» WHAT THE EXERCISE ASKS: Word for word and without images, reproduce the listing that follows.

» RECORDED INFORMATION:
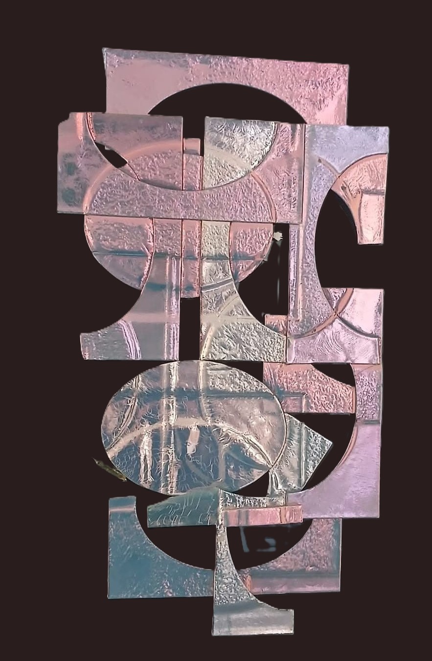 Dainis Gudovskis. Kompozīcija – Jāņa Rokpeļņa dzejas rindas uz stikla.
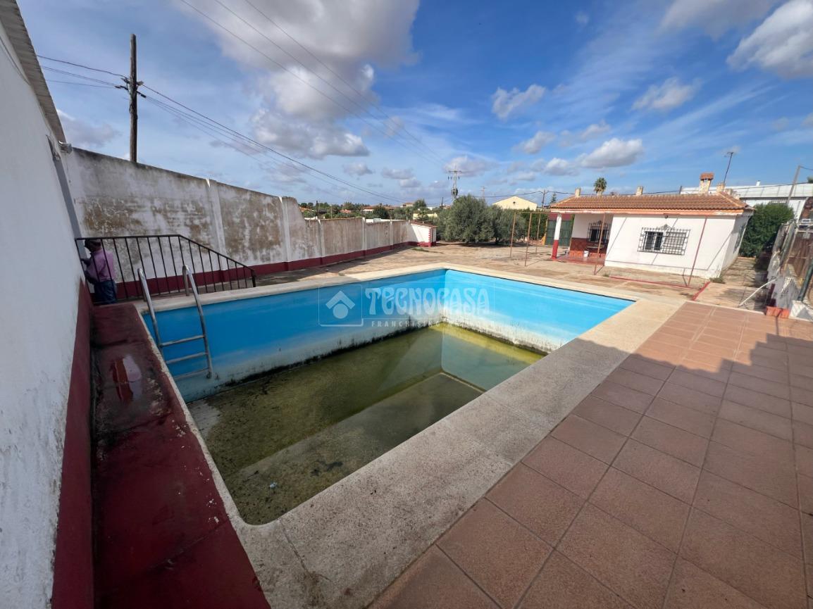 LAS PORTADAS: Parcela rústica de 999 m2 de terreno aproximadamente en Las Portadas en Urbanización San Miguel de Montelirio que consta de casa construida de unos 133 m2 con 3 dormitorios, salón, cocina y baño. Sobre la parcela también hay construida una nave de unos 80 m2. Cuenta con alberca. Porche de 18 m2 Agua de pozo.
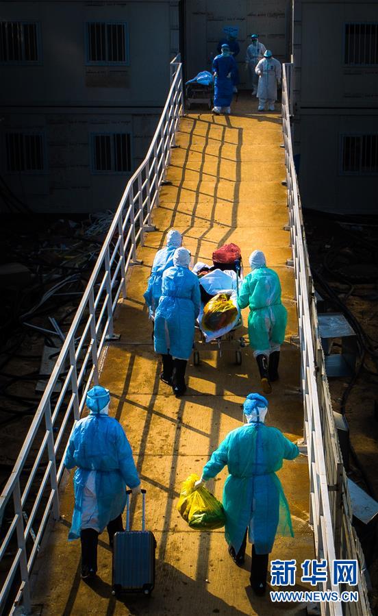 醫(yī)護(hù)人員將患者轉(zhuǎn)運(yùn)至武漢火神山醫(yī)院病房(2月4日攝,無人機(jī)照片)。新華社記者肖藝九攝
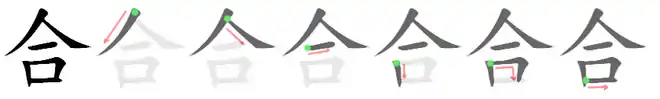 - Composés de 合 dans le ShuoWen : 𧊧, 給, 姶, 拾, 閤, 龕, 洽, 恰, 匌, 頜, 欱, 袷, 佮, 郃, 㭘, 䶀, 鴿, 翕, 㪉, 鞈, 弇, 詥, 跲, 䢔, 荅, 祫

» FINISHED TASK:
 Dainis Gudovskis. Kompozīcija – Jāņa Rokpeļņa dzejas rindas uz stikla.
 LAS PORTADAS: Parcela rústica de 999 m2 de terreno aproximadamente en Las Portadas en Urbanización San Miguel de Montelirio que consta de casa construida de unos 133 m2 con 3 dormitorios, salón, cocina y baño. Sobre la parcela también hay construida una nave de unos 80 m2. Cuenta con alberca. Porche de 18 m2 Agua de pozo.
 醫(yī)護(hù)人員將患者轉(zhuǎn)運(yùn)至武漢火神山醫(yī)院病房(2月4日攝,無人機(jī)照片)。新華社記者肖藝九攝
 - Composés de 合 dans le ShuoWen : 𧊧, 給, 姶, 拾, 閤, 龕, 洽, 恰, 匌, 頜, 欱, 袷, 佮, 郃, 㭘, 䶀, 鴿, 翕, 㪉, 鞈, 弇, 詥, 跲, 䢔, 荅, 祫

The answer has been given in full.